ElectricLoadCenter:Storage:LiIonNMCBattery, NMC_Battery, !- Name ALWAYS_ON, !- Availability Schedule Name , !- Zone Name 0.0, !- Radiative Fraction KandlerSmith, !- Lifetime Model 13, !- Number of Cells in Series 80, !- Number of Strings in Parallel 0.7, !- Initial Fractional State of Charge , !- DC to DC Charging Efficiency 80, !- Battery Mass {kg} 10, !- Battery Surface Area {m2} 0.95, !- Maximum Storage State of Charge Fraction 0.20; !- Minimum Storage State of Charge Fraction

ElectricLoadCenter:Inverter:LookUpTable, Electric Load Center Inverter Simple 1, !- Name ALWAYS_ON, !- Availability Schedule Name , !- Zone Name 0.25, !- Radiative Fraction 14000, !- Rated Maximum Continuous Output Power {W} 200.0, !- Night Tare Loss Power {W} 368, !- Nominal Voltage Input {V} 0.839, !- Efficiency at 10% Power and Nominal Voltage 0.897, !- Efficiency at 20% Power and Nominal Voltage 0.916, !- Efficiency at 30% Power and Nominal Voltage 0.931, !- Efficiency at 50% Power and Nominal Voltage 0.934, !- Efficiency at 75% Power and Nominal Voltage 0.930; !- Efficiency at 100% Power and Nominal Voltage

ScheduleTypeLimits, Fraction, !- Name 0.0, !- Lower Limit Value 1.0, !- Upper Limit Value CONTINUOUS; !- Numeric Type

Schedule:Compact, Charge Schedule, !- Name Fraction, !- Schedule Type Limits Name Through: 12/31, !- Field 1 For: AllDays, !- Field 2 Until: 10:00,0.0, !- Field 3 Until: 14:00,1.0, !- Field 5 Until: 24:00,0.0; !- Field 5

Schedule:Compact, Discharge Schedule, !- Name Fraction, !- Schedule Type Limits Name Through: 12/31, !- Field 1 For: AllDays, !- Field 2 Until: 17:00,0.0, !- Field 3 Until: 24:00,1.0; !- Field 5

ElectricLoadCenter:Distribution, Model Load Center Distribution 1, !- Name Electric Load Center Distribution 1 Generators, !- Generator List Name Baseload, !- Generator Operation Scheme Type 0, !- Generator Demand Limit Scheme Purchased Electric Demand Limit {W} , !- Generator Track Schedule Name Scheme Schedule Name , !- Generator Track Meter Scheme Meter Name DirectCurrentWithInverterDCStorage, !- Electrical Buss Type Electric Load Center Inverter Simple 1, !- Inverter Name NMC_Battery, !- Electrical Storage Object Name , !- Transformer Object Name TrackChargeDischargeSchedules, !- Storage Operation Scheme , !- Storage Control Track Meter Name Converter 1, !- Storage Converter Object Name 0.96, !- Maximum Storage State of Charge Fraction 0.04, !- Minimum Storage State of Charge Fraction 5000, !- Design Storage Control Charge Power {W} Charge Schedule, !- Storage Charge Power Fraction Schedule Name 5000, !- Design Storage Control Discharge Power {W} Discharge Schedule, !- Storage Discharge Power Fraction Schedule Name , !- Storage Control Utility Demand Target {W} ; !- Storage Control Utility Demand Target Fraction Schedule Name

Sincerely,
Behnam Mohseni Gharyehsafa
Ireland

Hi @behnammmohseni!
I haven’t read the relevant part of the docs in ages but chatgpt is saying something about needing external logic via ems/pyems:

from chat:
With TrackChargeDischargeSchedules, you generally cannot prevent grid charging by configuration alone. In that scheme, EnergyPlus treats the charge schedule as a requested charging power:

Design Storage Control Charge Power × Storage Charge Power Fraction Schedule

and if on-site generation is less than that charging request, EnergyPlus draws the shortfall from the main panel / grid.

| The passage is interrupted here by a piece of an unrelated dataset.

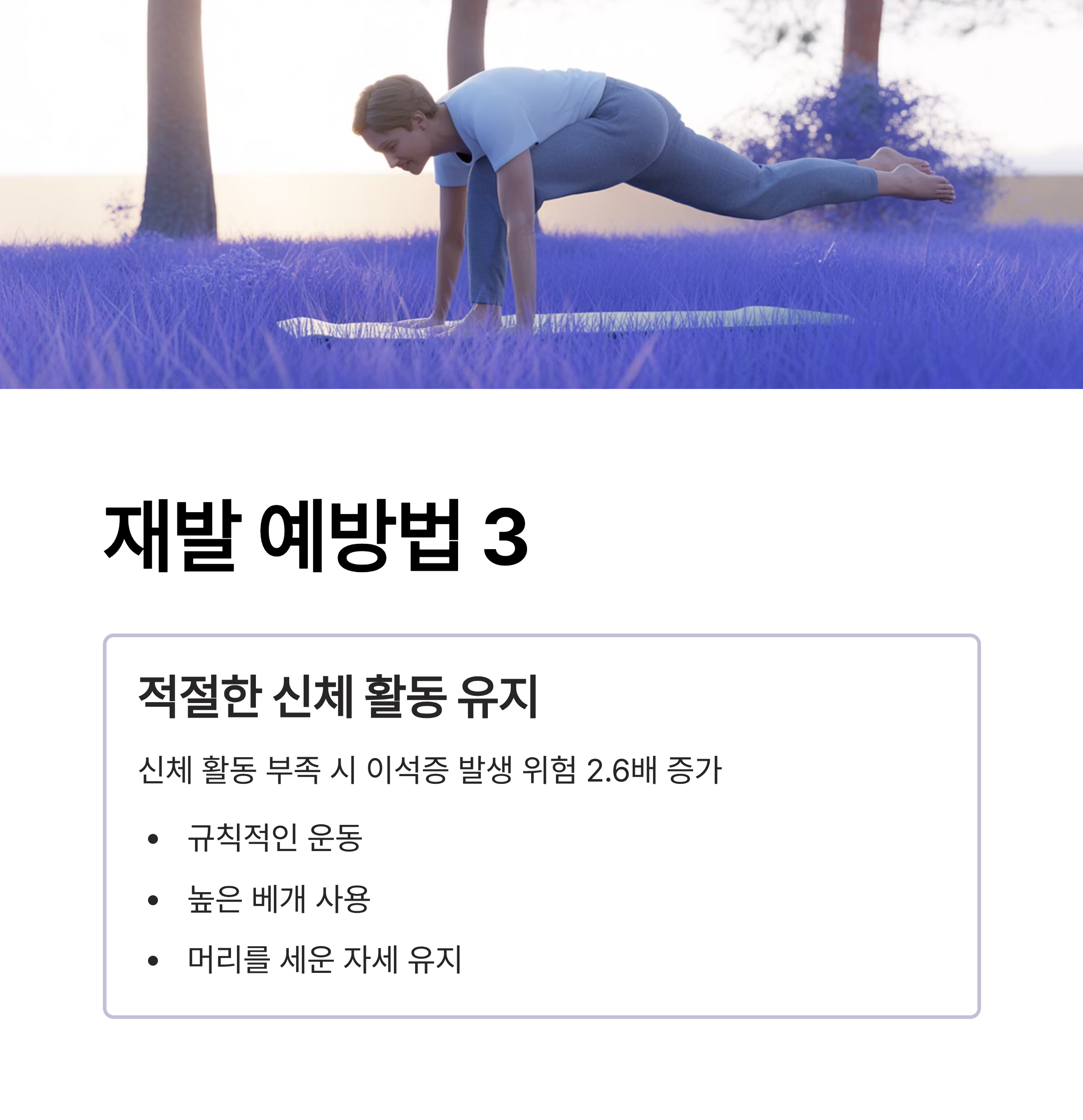이석증은 치료 후에도 약 30%가 재발하는 특징이 있습니다. 재발을 방지하려면 첫째, 비타민D 영양제를 꾸준히 복용하세요. 비타민D 부족은 이석을 약하게 만들어 재발 위험을 높입니다. 둘째, 수면 자세를 바꿔보세요. 이석증이 발생한 반대 방향으로 누워 자는 것이 도움이 됩니다. 셋째, 적절한 신체 활동을 유지하세요. 신체 활동이 부족하면 이석증 발생 위험이 2.6배 증가한다는 연구 결과가 있습니다. 또한 치료 후 며칠간은 높은 베개를 사용하거나 앉아서 자는 등 머리를 세운 자세를 유지하는 것이 좋습니다.

So under TrackChargeDischargeSchedules, the behavior is essentially:

if Pgen > Pcharge, excess generation can go to storage

if Pgen < Pcharge, EnergyPlus sets Pdraw = Pcharge - Pgen and charges from the grid.

That means the clean ways to avoid grid charging are:

Use a different storage operation scheme
TrackFacilityElectricDemandStoreExcessOnSite does not draw from the main panel to charge storage (Pdraw = 0). It only stores excess on-site generation. TrackMeterDemandStoreExcessOnSite behaves similarly but tracks a chosen meter instead of whole-facility demand.

Keep TrackChargeDischargeSchedules, but force the charge schedule to zero whenever grid charging would occur
In practice this means the charge-fraction schedule must be generated by some external logic, such as:

EMS

Python Plugin

preprocessing/postprocessing workflow
so charging is enabled only when you know surplus on-site generation is available. The built-in schedule itself is just a fraction from 0 to 1; it does not check whether the charging energy comes from PV or the grid.

A couple of related notes:

Maximum Storage State of Charge Fraction only caps charging at a SOC limit; it does not stop grid charging by itself.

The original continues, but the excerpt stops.